Israel may someday soon become an exporter of cannabis, medical or otherwise. But first, it has to properly tackle cannabis use within its own borders. That was the goal of Knesset discussions that led to the approval of a medical cannabis access bill passed recently in the parliament. The difficult negotiations reveal the challenging political landscape of cannabis in modern-day Israel.

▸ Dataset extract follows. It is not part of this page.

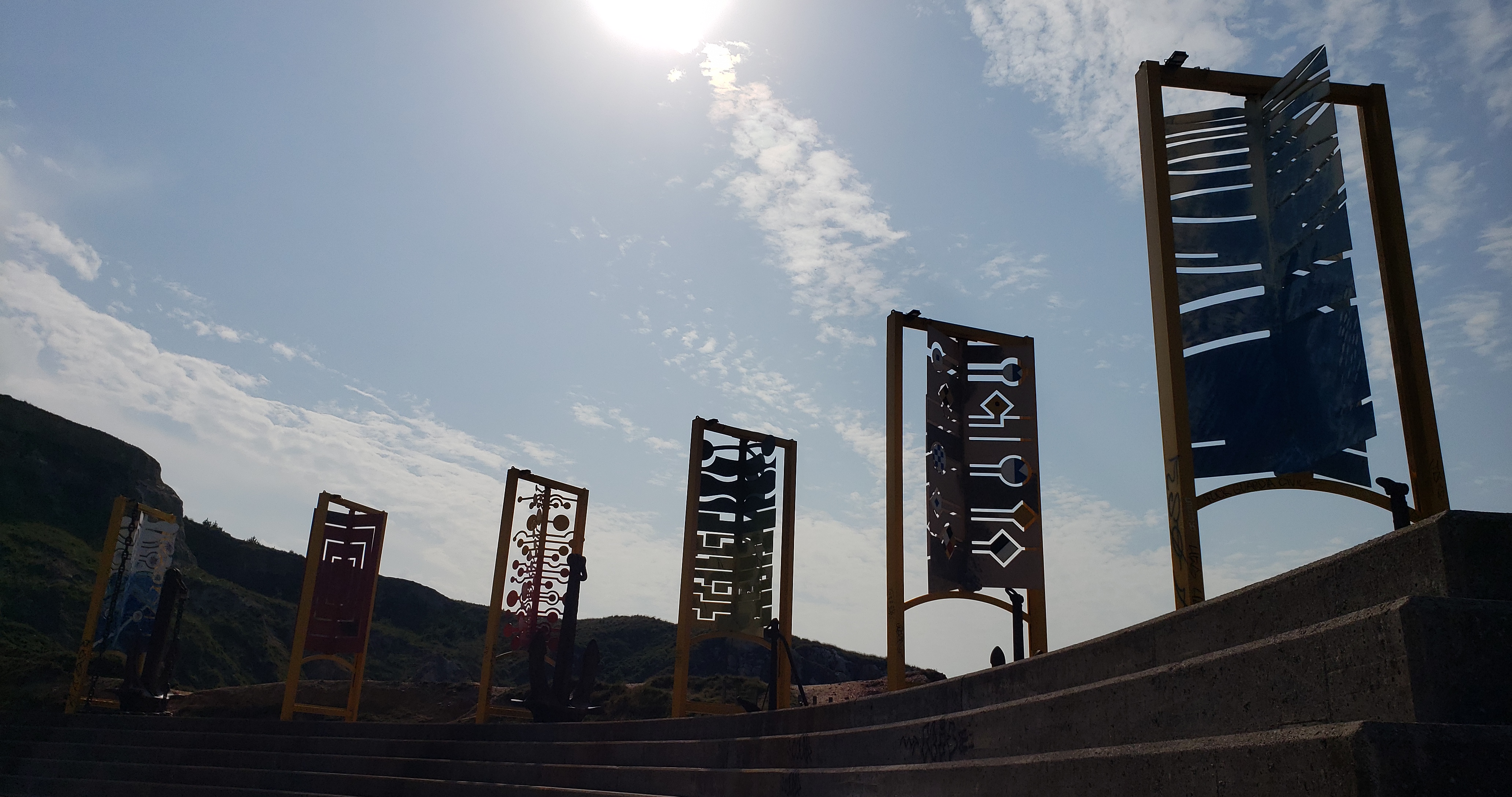 We ordered croquetas, asparagus with potatoes in mayonnaise (like a potato salad but prettier) and sliced sausages with french fries. Jesse’s instagram has some good pictures of the food. We ate until full (which means we ate it all), enjoyed our two bottles of cider, and with full stomachs proceeded to the end of the paseo martimo, which held a small, rock covered beach as well as an outdoor monument museum and an excellent overlook point. The pictures below do not do it justice, to be honest, but hopefully convey some of the peacefulness and awe-inspiring experience we had.

Israeli Cannabis Politics: The proposal of a new legislation on medical cannabis in the parliament was not universally approved, but it has found some support. The Raam party supported legislation to improve access to medical cannabis although its leader, Mansour Abbas, speaking in Arabic, clarified that he only supported the medical use of the plant.
A landmark vote for medical cannabis access in Israel
The Knesset approved in a preliminary vote a bill for major reforms in Israel’s medical cannabis industry that would expand its availability. It is a bold move for the Isreali Parliament especially considering that such pro-cannabis legislation had run into serious opposition already in the past.
Raam, the Arab party in the coalition, which had previously opposed a similar bill that would have also decriminalised the recreational use of marijuana, voted in favor of the legislation proposed by MP Sharren Haskel of the Tikva Hadasha party.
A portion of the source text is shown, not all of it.